## Work required:
In the entries below, find the line containing "此次公开展览活动为期三天,浙" and the line containing "もう少し詳細をみるために水道光熱費の月間の請求額を月ごとにまとめてみました。". Copy those two lines and everything between them exactly, and only that.

## Source records:
——

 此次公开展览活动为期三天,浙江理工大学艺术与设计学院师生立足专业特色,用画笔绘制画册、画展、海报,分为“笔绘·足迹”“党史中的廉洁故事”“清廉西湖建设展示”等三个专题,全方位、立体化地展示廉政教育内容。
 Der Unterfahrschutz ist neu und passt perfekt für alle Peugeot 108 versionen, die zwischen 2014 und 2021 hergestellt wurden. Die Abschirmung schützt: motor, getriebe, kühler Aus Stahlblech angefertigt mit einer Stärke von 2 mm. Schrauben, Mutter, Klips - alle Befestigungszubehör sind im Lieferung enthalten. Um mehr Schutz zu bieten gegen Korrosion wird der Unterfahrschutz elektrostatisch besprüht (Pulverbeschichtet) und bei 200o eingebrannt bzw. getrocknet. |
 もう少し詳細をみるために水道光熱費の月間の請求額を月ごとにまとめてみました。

——

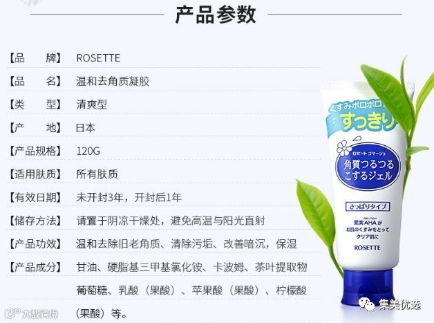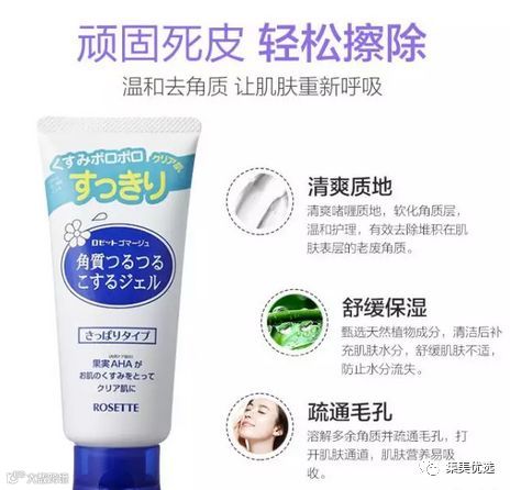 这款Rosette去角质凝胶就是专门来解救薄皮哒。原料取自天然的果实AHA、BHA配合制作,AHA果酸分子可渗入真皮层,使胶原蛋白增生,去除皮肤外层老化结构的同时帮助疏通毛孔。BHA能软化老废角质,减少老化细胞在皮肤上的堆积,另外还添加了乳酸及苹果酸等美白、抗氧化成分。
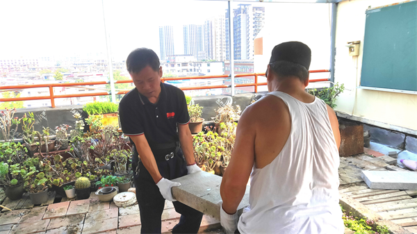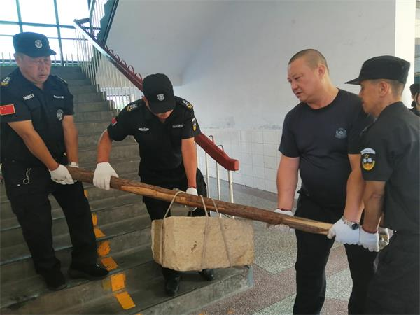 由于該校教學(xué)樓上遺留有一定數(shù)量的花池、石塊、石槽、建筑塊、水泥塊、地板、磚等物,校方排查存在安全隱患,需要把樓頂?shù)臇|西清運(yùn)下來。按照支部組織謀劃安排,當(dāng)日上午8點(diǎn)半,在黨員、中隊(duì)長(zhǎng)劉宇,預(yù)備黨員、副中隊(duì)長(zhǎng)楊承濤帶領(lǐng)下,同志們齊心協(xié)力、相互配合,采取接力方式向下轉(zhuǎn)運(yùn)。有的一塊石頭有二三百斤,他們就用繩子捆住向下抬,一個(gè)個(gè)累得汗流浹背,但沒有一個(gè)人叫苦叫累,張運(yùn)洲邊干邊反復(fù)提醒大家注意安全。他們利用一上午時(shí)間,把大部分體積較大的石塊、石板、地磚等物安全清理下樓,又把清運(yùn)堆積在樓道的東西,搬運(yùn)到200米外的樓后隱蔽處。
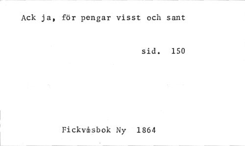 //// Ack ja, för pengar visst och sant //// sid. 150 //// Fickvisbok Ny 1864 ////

——

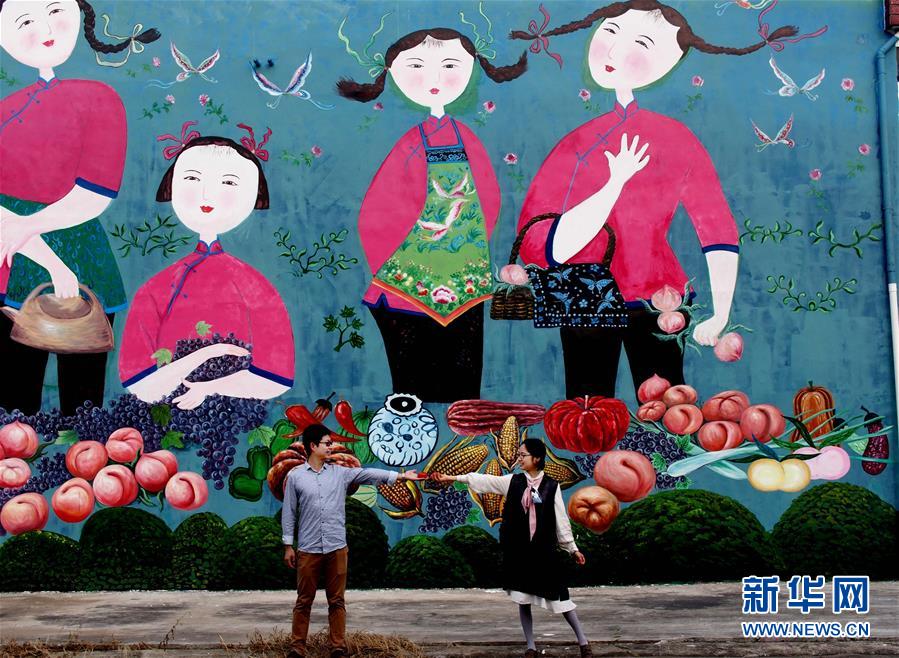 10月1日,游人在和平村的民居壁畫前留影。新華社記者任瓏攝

——

## Written answer:
 此次公开展览活动为期三天,浙江理工大学艺术与设计学院师生立足专业特色,用画笔绘制画册、画展、海报,分为“笔绘·足迹”“党史中的廉洁故事”“清廉西湖建设展示”等三个专题,全方位、立体化地展示廉政教育内容。
 Der Unterfahrschutz ist neu und passt perfekt für alle Peugeot 108 versionen, die zwischen 2014 und 2021 hergestellt wurden. Die Abschirmung schützt: motor, getriebe, kühler Aus Stahlblech angefertigt mit einer Stärke von 2 mm. Schrauben, Mutter, Klips - alle Befestigungszubehör sind im Lieferung enthalten. Um mehr Schutz zu bieten gegen Korrosion wird der Unterfahrschutz elektrostatisch besprüht (Pulverbeschichtet) und bei 200o eingebrannt bzw. getrocknet. |
 もう少し詳細をみるために水道光熱費の月間の請求額を月ごとにまとめてみました。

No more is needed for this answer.